Copy out the entries that follow exactly, leaving every picture behind.

## INPUT
============

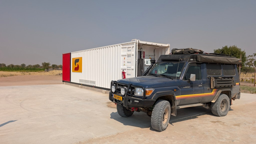 We eten een gekookt eitje en rijden weer verder. Alle tankstations voor de grens met Namibië die op google en ioverlander stonden zijn dicht of verdwenen. Superbalen…. We besluiten dan maar de grens over te steken en in Namibië te tanken. En dan opeens een paar honderd meter voor de grens: een volledig nieuwe container met pomp. Dit scheelt ons minstens 150 euro aan benzine.
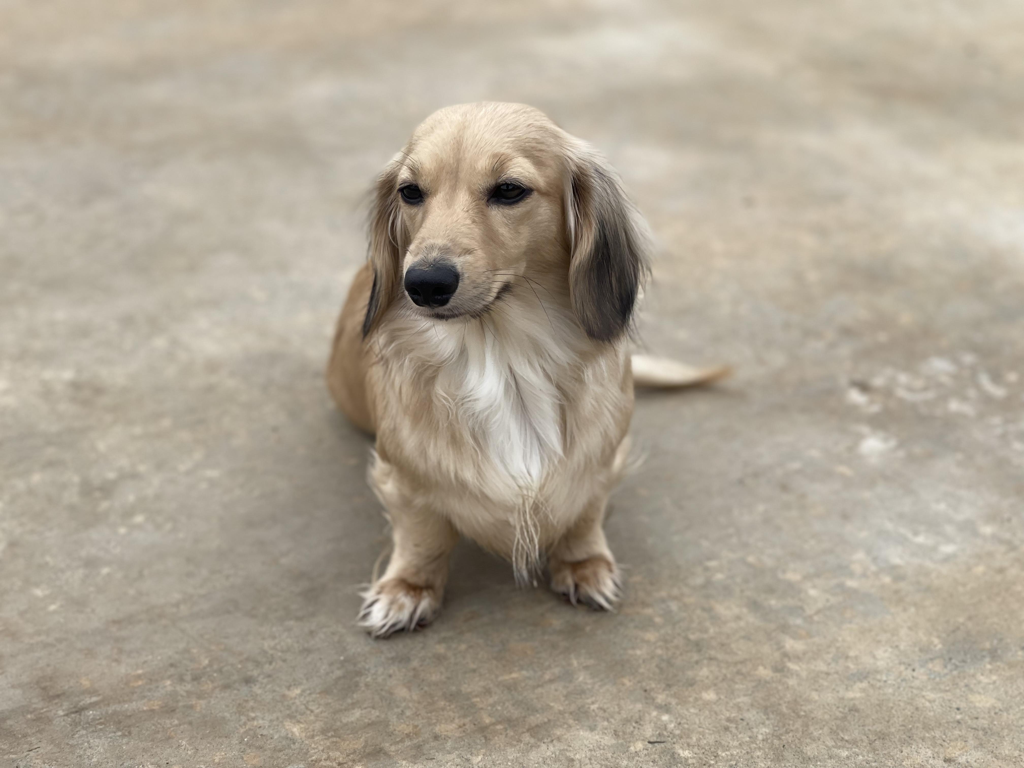 Olive is a long coat Shaded cream mini Doxie weighing 11lbs fully grown.
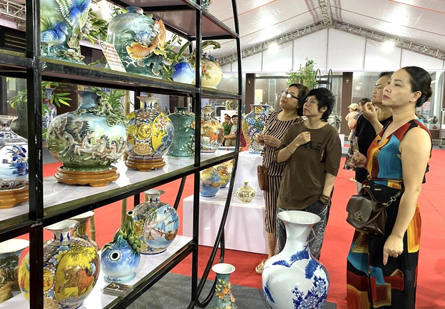 Du khách chiêm ngưỡng vẻ đẹp của sản phẩm gốm Bát Tràng (Gia Lâm, Hà Nội). Ảnh: VGP/Diệu Anh
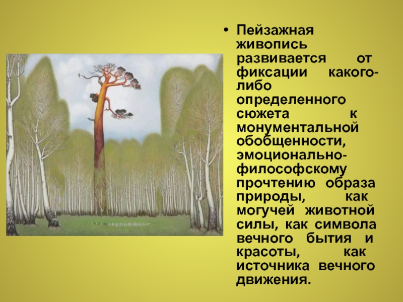 Слайд 22Пейзажная живопись развивается от фиксации какого-либо определенного сюжета к монументальной обобщенности,
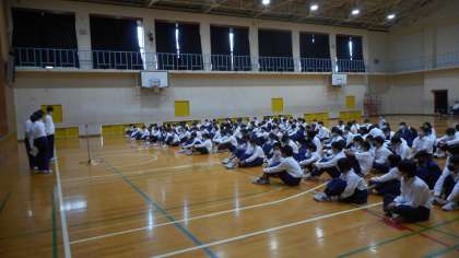 体育の部を写真スライドでふり返り、先日学年生徒全員が書いた「七中いいとこみつけ」の紹介、体育の部の団体種目の表彰、8月〜10月16日生まれの人のHappy Birthdayそして来週月曜日に学習する「殸の形」の紹介、20日(火)におこなうパラスポーツ体験型出前授業明日にチャレンジ”「あすチャレ!スクール」の紹介等を行いました。この「あすチャレ!スクール」では車いす陸上の永尾嘉章さんに来校していただきます。新聞社や、TV局の取材もある予定です。
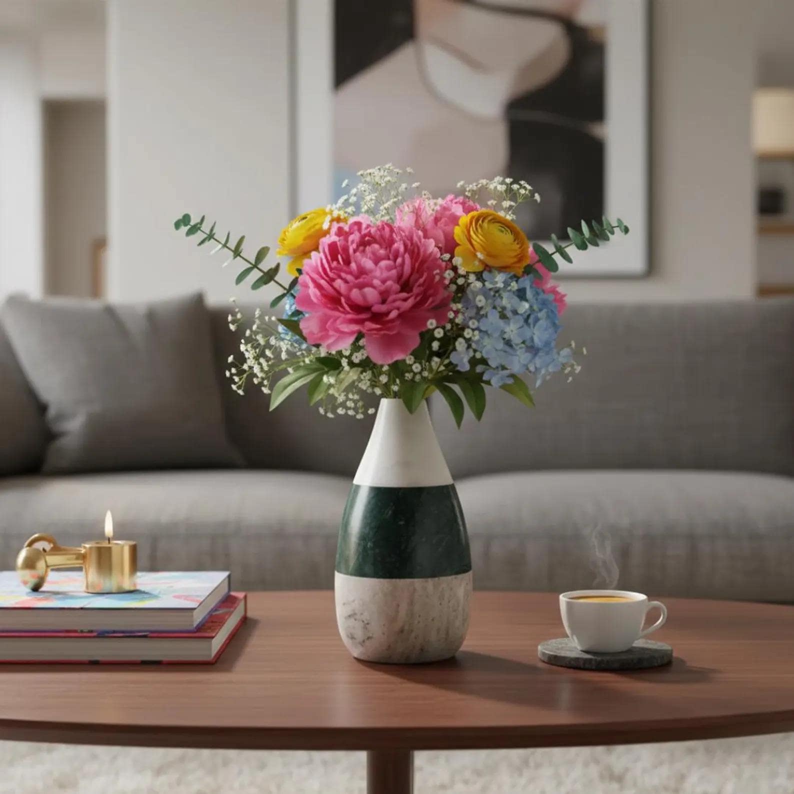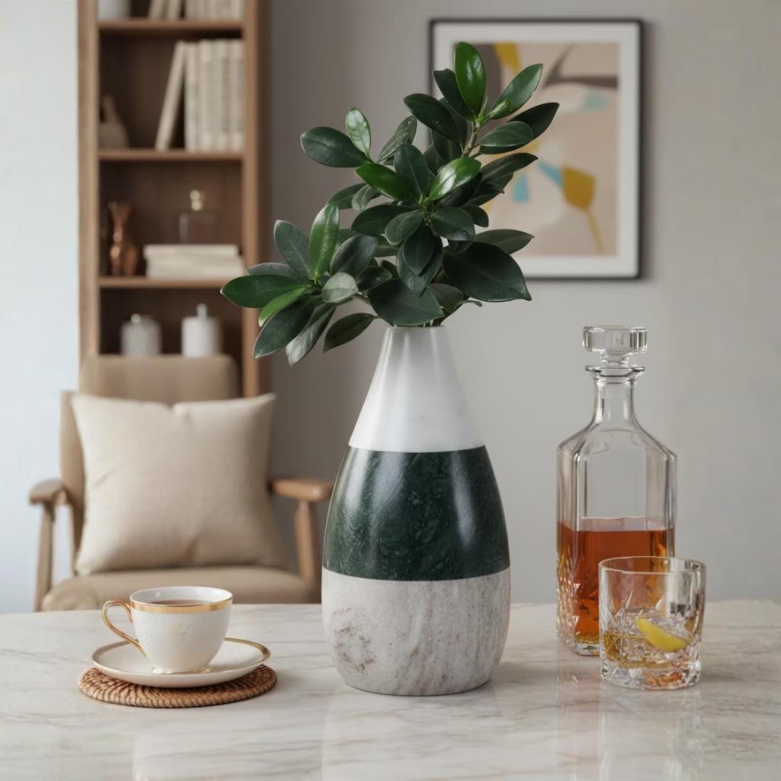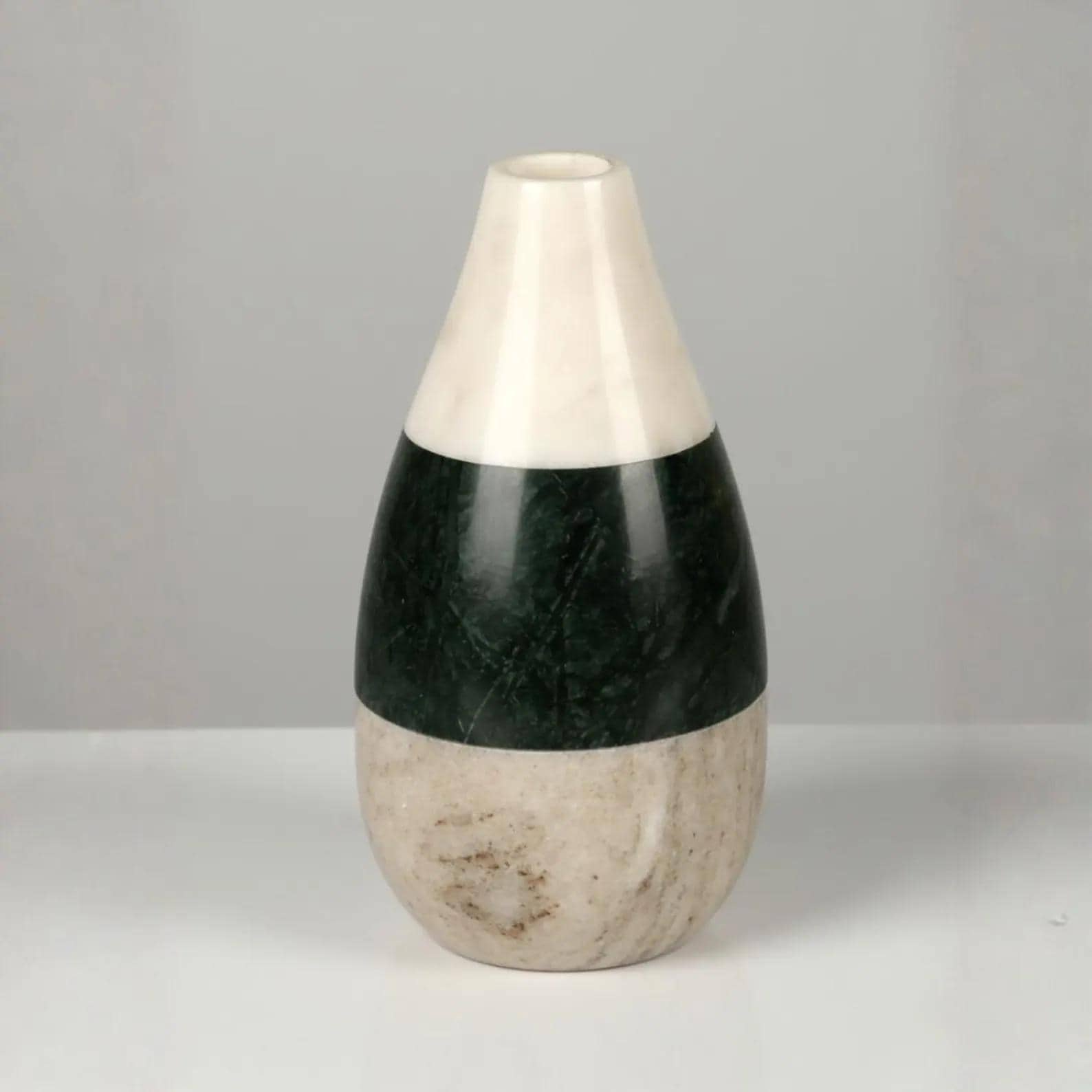 Add timeless elegance to your space with this tri-color marble vase, handcrafted from natural stone and designed with a modern color-block aesthetic. Featuring a harmonious blend of white, deep green, and soft beige marble, this piece brings a sophisticated and earthy touch to any interior.
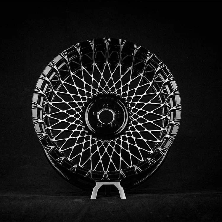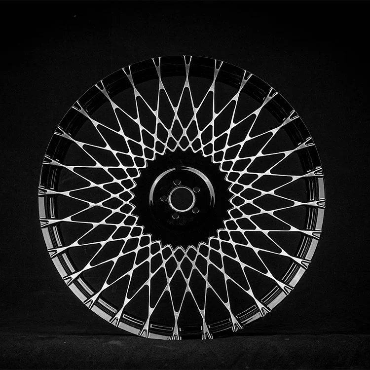ヤマハ用鍛造モーターサイクルホイールは、全体的にグロスブラックで仕上げられた未来的なラジアルメッシュデザインが特徴です。スポークは精密にフライス加工されており、そのエッジと面に沿って明るく反射する表面が現れ、純粋なペイントでは達成できないダイナミックな光の遊びと 3 次元の奥行きを生み出します。
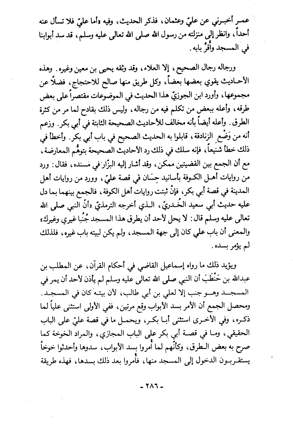 ورجاله رجال الصحيح، إلا العلاء، وقد وثقه يحيى بن معين وغيره. وهذه الأحاديث يقوي بعضها بعضًا، وكل طريق منها صالح للاحتجاج، فضلًا عن مجموعها، وأورد ابن الجوزيّ هذا الحديث في الموضوعات مقتصرًا على بعض طرقه، وأعله ببعض من تكلم فيه من رجاله، وليس ذلك بقادح لما مر من كثرة الطرق. وأعله أيضًا بأنه مخالف للأحاديث الصحيحة الثابتة في أبي بكر. وزعم أنه من وَضْعِ الزنادقة، قابلوا به الحديث الصحيح في باب أبي بكر. وأخطأ في ذلك خطأ شنيعًا، فإنه سلك في ذلك رد الأحاديث الصحيحة بتوهُّم المعارضة، مع أن الجمع بين القضيتين ممكن، وقد أشار إليه البزّار في مسنده، فقال: ورد من روايات أهل الكوفة بأسانيد حِسَان في قصة عليّ، وورد من روايات أهل المدينة في قصة أبي بكر، فإنْ ثبتت روايات أهل الكوفة، فالجمع بينهما بما دل عليه حديث أبي سعيد الخُدريّ، الذي أخرجه الترمذيّ "أنّ النبي صلى الله تعالى عليه وسلم قال: لا يحل لأحد أن يطرق هذا المسجد جُنُبا غيري وغيرك" والمعنى أن باب علي كان إلى جهة المسجد، ولم يكن لبيته باب غيره، فلذلك لم يؤمر بسده.

============

## TASK SOLUTION
 We eten een gekookt eitje en rijden weer verder. Alle tankstations voor de grens met Namibië die op google en ioverlander stonden zijn dicht of verdwenen. Superbalen…. We besluiten dan maar de grens over te steken en in Namibië te tanken. En dan opeens een paar honderd meter voor de grens: een volledig nieuwe container met pomp. Dit scheelt ons minstens 150 euro aan benzine.
 Olive is a long coat Shaded cream mini Doxie weighing 11lbs fully grown.
 Du khách chiêm ngưỡng vẻ đẹp của sản phẩm gốm Bát Tràng (Gia Lâm, Hà Nội). Ảnh: VGP/Diệu Anh
 Слайд 22Пейзажная живопись развивается от фиксации какого-либо определенного сюжета к монументальной обобщенности,
 体育の部を写真スライドでふり返り、先日学年生徒全員が書いた「七中いいとこみつけ」の紹介、体育の部の団体種目の表彰、8月〜10月16日生まれの人のHappy Birthdayそして来週月曜日に学習する「殸の形」の紹介、20日(火)におこなうパラスポーツ体験型出前授業明日にチャレンジ”「あすチャレ!スクール」の紹介等を行いました。この「あすチャレ!スクール」では車いす陸上の永尾嘉章さんに来校していただきます。新聞社や、TV局の取材もある予定です。
 Add timeless elegance to your space with this tri-color marble vase, handcrafted from natural stone and designed with a modern color-block aesthetic. Featuring a harmonious blend of white, deep green, and soft beige marble, this piece brings a sophisticated and earthy touch to any interior.
ヤマハ用鍛造モーターサイクルホイールは、全体的にグロスブラックで仕上げられた未来的なラジアルメッシュデザインが特徴です。スポークは精密にフライス加工されており、そのエッジと面に沿って明るく反射する表面が現れ、純粋なペイントでは達成できないダイナミックな光の遊びと 3 次元の奥行きを生み出します。
 ورجاله رجال الصحيح، إلا العلاء، وقد وثقه يحيى بن معين وغيره. وهذه الأحاديث يقوي بعضها بعضًا، وكل طريق منها صالح للاحتجاج، فضلًا عن مجموعها، وأورد ابن الجوزيّ هذا الحديث في الموضوعات مقتصرًا على بعض طرقه، وأعله ببعض من تكلم فيه من رجاله، وليس ذلك بقادح لما مر من كثرة الطرق. وأعله أيضًا بأنه مخالف للأحاديث الصحيحة الثابتة في أبي بكر. وزعم أنه من وَضْعِ الزنادقة، قابلوا به الحديث الصحيح في باب أبي بكر. وأخطأ في ذلك خطأ شنيعًا، فإنه سلك في ذلك رد الأحاديث الصحيحة بتوهُّم المعارضة، مع أن الجمع بين القضيتين ممكن، وقد أشار إليه البزّار في مسنده، فقال: ورد من روايات أهل الكوفة بأسانيد حِسَان في قصة عليّ، وورد من روايات أهل المدينة في قصة أبي بكر، فإنْ ثبتت روايات أهل الكوفة، فالجمع بينهما بما دل عليه حديث أبي سعيد الخُدريّ، الذي أخرجه الترمذيّ "أنّ النبي صلى الله تعالى عليه وسلم قال: لا يحل لأحد أن يطرق هذا المسجد جُنُبا غيري وغيرك" والمعنى أن باب علي كان إلى جهة المسجد، ولم يكن لبيته باب غيره، فلذلك لم يؤمر بسده.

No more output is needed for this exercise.